看到章驰手中的昂刺,孙延平脸上的笑容顿时少了一半,可能觉得怎么自己這边抓了一條,小舅子也抓了一條。
章驰道:“我差点踩上,也亏得有沒怎么用力,要不然那可就热闹了”。
說完,章驰用英语冲着米勒說道:“小心一点,泥裡有昂刺鱼,這家伙背上有很尖的刺,很容易就扎破你的脚掌”。
米勒听了之后很是无所谓的說道:“游泳我不会把脚放在河床底的”。
章驰看了他一下就深刻觉得自己的多余,因为米勒這家伙如同一只泡在水中的白蛤蟆。
标准的蛙泳,不過在章驰看来一点也不美,至少不如自己的狗刨,那么自由那么生动。
“把鱼扔岸上去”孙延平冲着小舅子說道。
“干什么?”
章驰正想把鱼放掉呢,听到姐夫這边一嗓嗓立刻问道。
“干什么?晚上烧汤啊干什么”孙延平過来,从章驰的手中接過了昂刺。
章驰這边望着姐夫,见他這边一只手把一條昂刺鱼给夹的死死的,用的還是中指和食指,也不知道是怎么抠的,反正就是夹的稳稳当当。

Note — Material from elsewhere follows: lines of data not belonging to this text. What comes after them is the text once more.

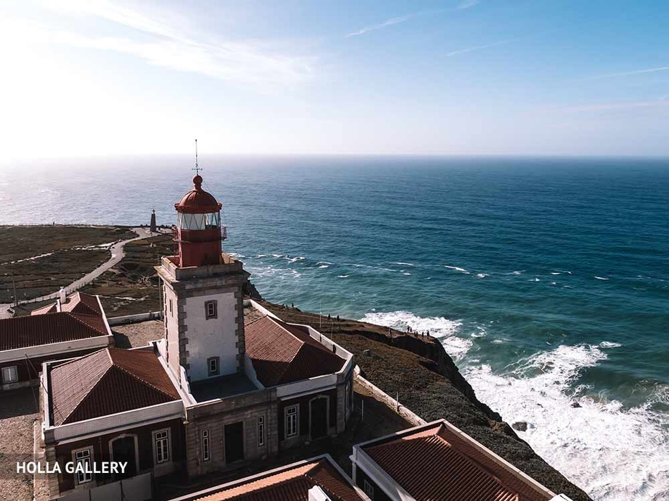Прибрежные волны на закате у мыса Назаре в Португалии. Облака и следы от самолета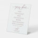 It is sturdy than I expected. Was worried about the material being flimsy but it is not. It is printed on some sort of plastic material. It should serve well at our wedding as long as wind isn’t too bad. Otherwise we will put some paper weights behind it and should be fine.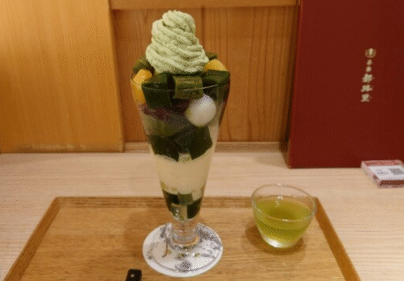 茶寮都路里 祇園本店は、京都・祇園の四条通沿いに位置する、老舗茶舗「祇園辻利」プロデュースの人気甘味処です。京阪「祇園四条駅」から徒歩約3分とアクセスも良く、観光の合間に立ち寄りやすい立地となっています。看板メニューの特選抹茶パフェは、濃厚な抹茶アイスや白玉、寒天、栗などが贅沢に盛り込まれた一品で、抹茶好きにはたまらない味わいです。そのほか、抹茶そばやあんみつ、ぜんざいなどの甘味・軽食メニューも豊富に揃っており、季節限定メニューも人気を集めています。店内は2階・3階に広がる落ち着いた空間で、和の雰囲気の中ゆったりと過ごすことができます。混雑することも多いですが、その価値のある一軒です。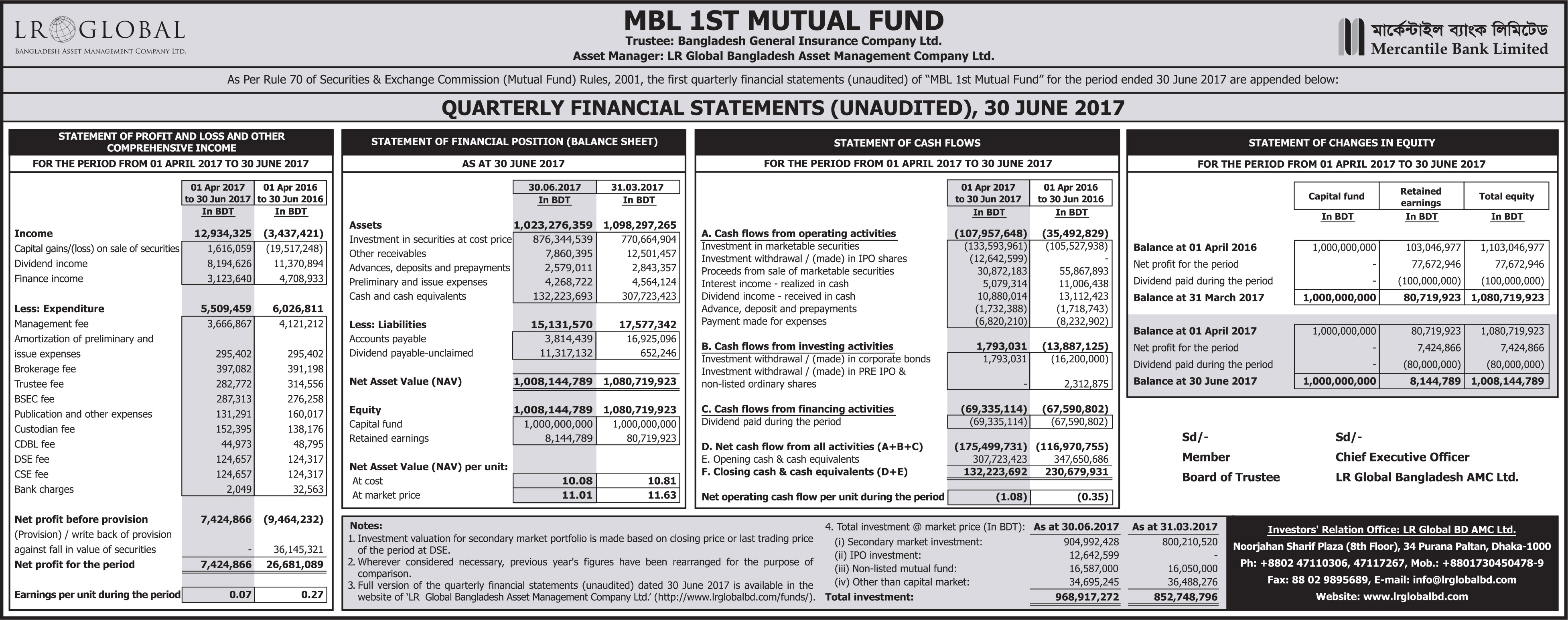 Half Yearly Financial Statements (Unaudited) of MBL 1st Mutual Fund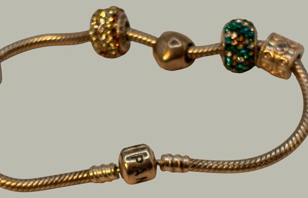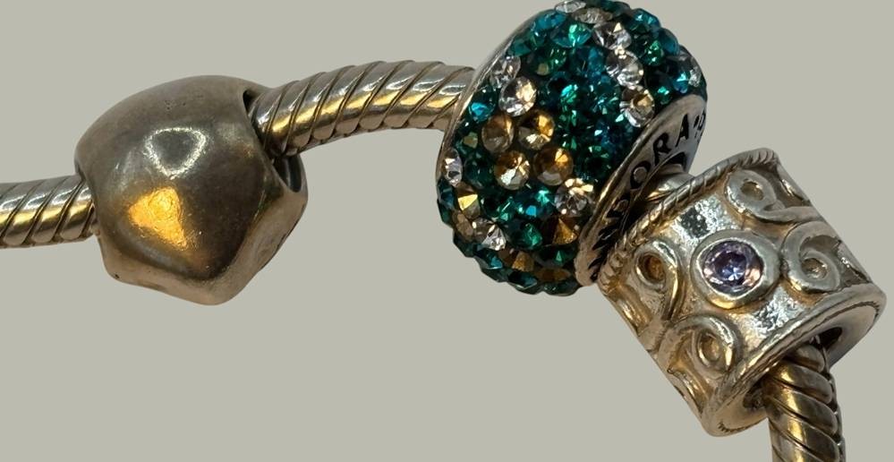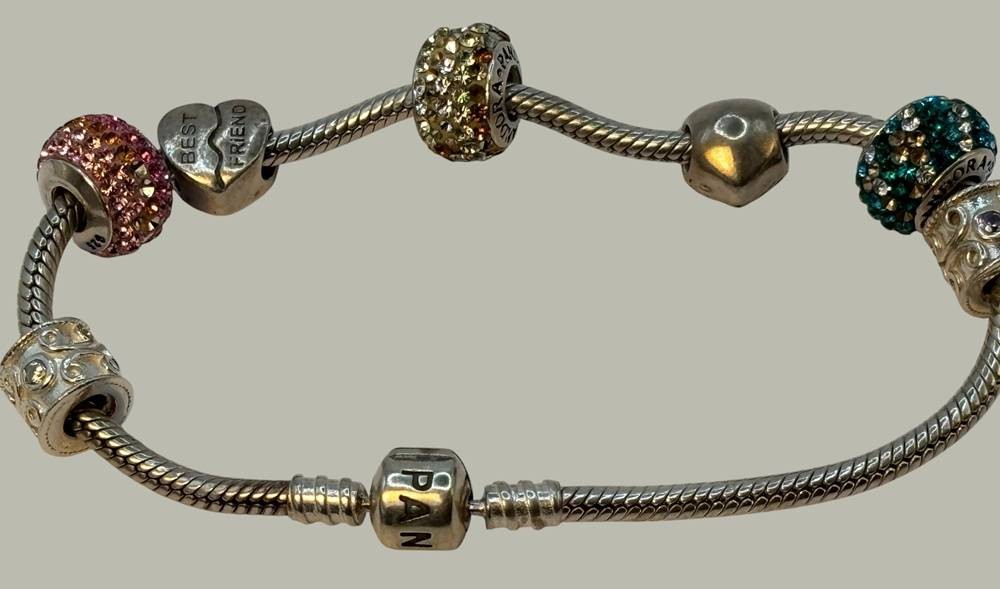 orig. Pandora Armband mit 7 versch. Charms, 33,5 gr. [1]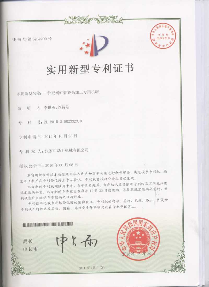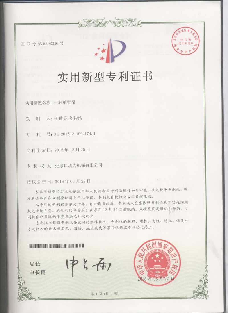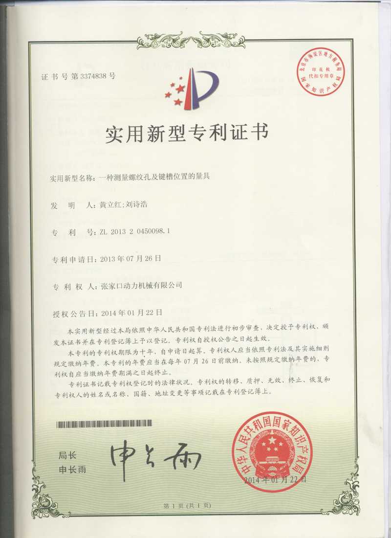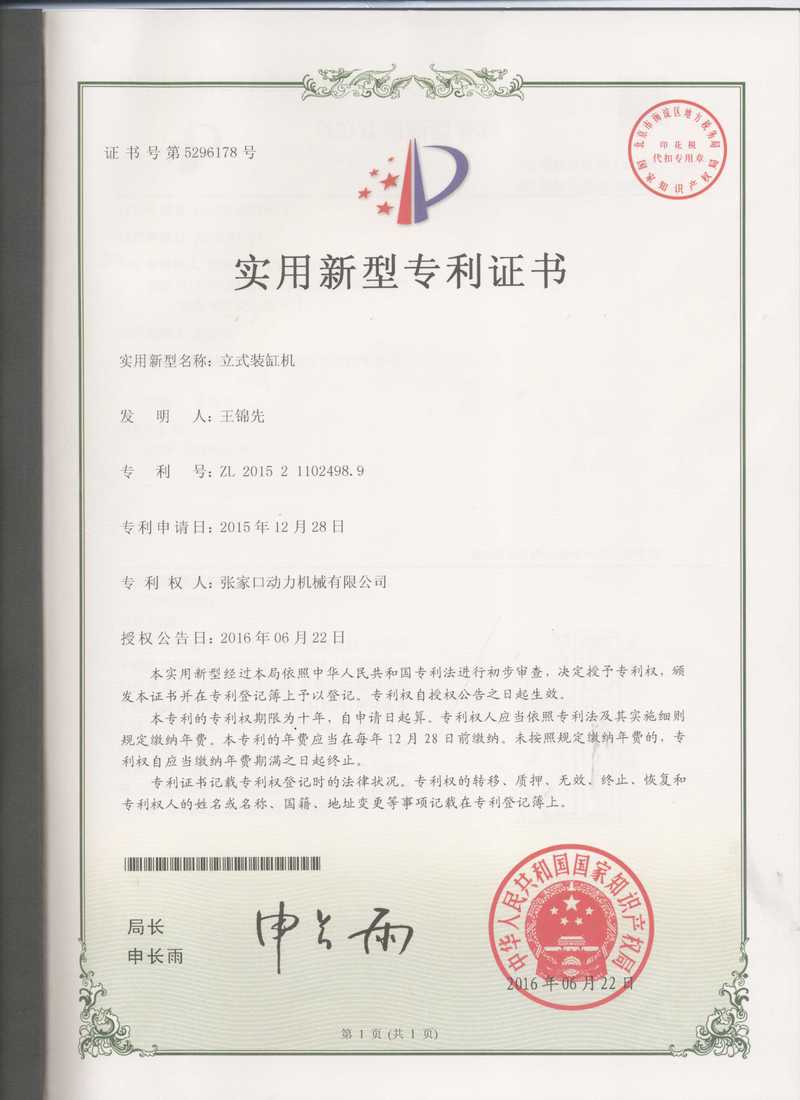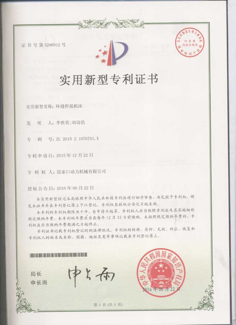 張家口動務(wù)機械有限公司專利證書展示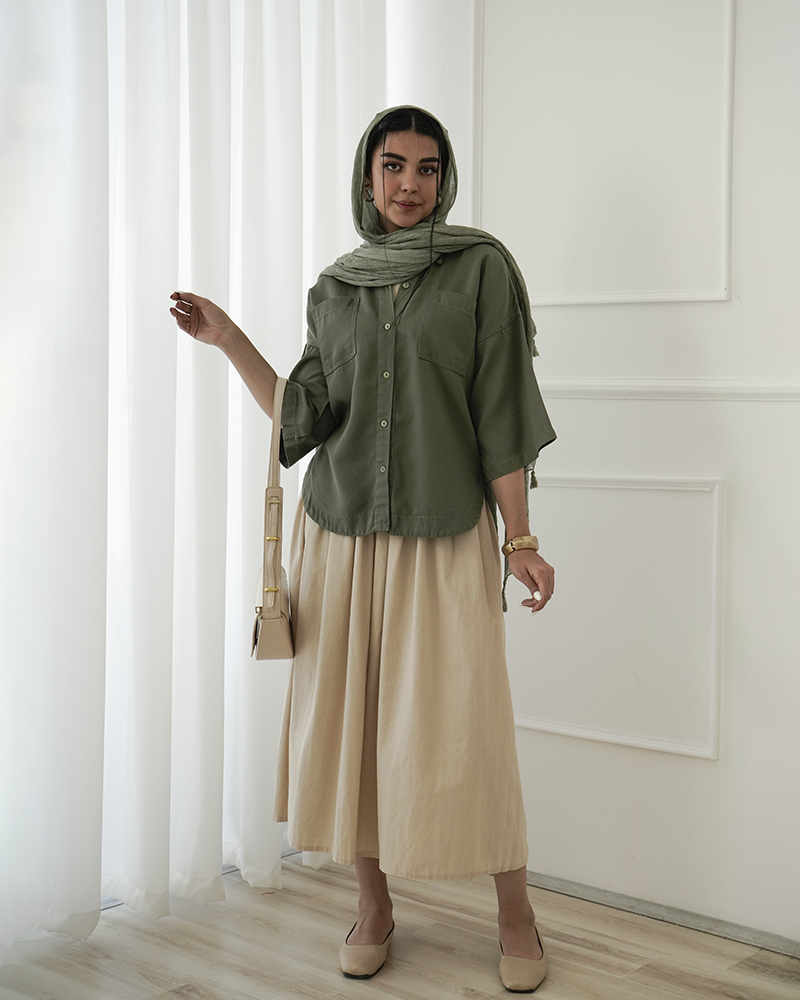 - توضیحات محصول: جنس شومیز کتان سیلک می باشد. شومیز یقه مردانه و دارای دو جیب و دکمه های کاربردی در قسمت جلو می باشد. این محصول بسیار با کیفیت و بادوام مناسب استفاده روزمره در تمام فصول سال می باشد.

把手中的鱼给了姐夫,章驰還說道:“就這两條够谁吃的啊,不如扔掉,等着咱们洗完了澡,我們拿笼子過来抓,到了明天……”。
“一家能抓的到昂刺?”孙延平问道。
章驰哪裡敢保证這個啊,于是连忙摇头:“昂刺不一定,但是其它的鱼還是有保障的”。
“那不就结了么,算了,你别管了,我這边先把這两條鱼给放起来,对了,有桶沒有?”孙延平问道。
章驰道:“我是来游泳的,又不是来掀塘子的,要什么桶啊”。
“算了,不指望伱了”。
孙延平這边来到岸边上,找了個地方就开始用手挖泥,挖了一些泥,做了一個塘中塘,最后又扯了几把草把他自己挖出来的小塘子围了一下。
围好了之后,就开始沿着塘子底开始了蚊香式的搜索,一边拿脚探一边小心的弯着腰。
看到姐夫的样子,章驰道:“姐夫,你這样”。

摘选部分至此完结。